Yes, that sounds melodramatic and full of foreboding and I’m not big on either, and true, there was nothing menacing about the red door. In fact, the door was beyond ordinary, wood and fourpaneled, the kind of door you see standing guard in front of three out of every four suburban homes, with faded paint and a knocker at chest level no one ever used and a faux brass knob.
But as I walked toward it, a distant streetlight barely illuminating my way, the dark opening yawning like a mouth ready to gobble me whole, the feeling of doom was unshakable.

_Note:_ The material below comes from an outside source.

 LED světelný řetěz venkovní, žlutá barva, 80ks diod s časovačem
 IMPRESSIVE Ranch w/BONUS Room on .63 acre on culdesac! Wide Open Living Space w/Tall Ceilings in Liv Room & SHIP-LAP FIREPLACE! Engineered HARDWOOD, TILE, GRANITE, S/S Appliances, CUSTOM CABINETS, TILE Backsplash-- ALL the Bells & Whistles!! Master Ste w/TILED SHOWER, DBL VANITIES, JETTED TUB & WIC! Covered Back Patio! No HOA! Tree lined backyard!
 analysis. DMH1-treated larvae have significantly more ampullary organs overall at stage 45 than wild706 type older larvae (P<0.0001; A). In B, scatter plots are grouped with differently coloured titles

Each step forward took great effort, as if I were walking not along a somewhat crackled walk but through still-wet cement. My body displayed all the classic symptoms of impending menace: Chill down my spine? Check. Hairs standing up on my arms? Yep. Prickle at the base of the neck? Present. Tingle in the scalp? Right there.
The house was dark, not a single light on. Chynna warned me that would be the case. The dwelling somehow seemed a little too cookie-cutter, a little too nondescript. That bothered me for some reason. This house was also isolated at the tippy end of the cul-de-sac, hunkering down in the darkness as though fending off intruders.
I didn’t like it.
I didn’t like anything about this, but this is what I do. When Chynna called I had just finished coaching the inner-city fourth-grade Newark Biddy Basketball team. My team, all kids who, like me, were products of foster care (we call ourselves the NoRents, which is short for No Parents—gallows humor), had managed to blow a six-point lead with two minutes left. On the court, as in life, the NoRents aren’t great under pressure.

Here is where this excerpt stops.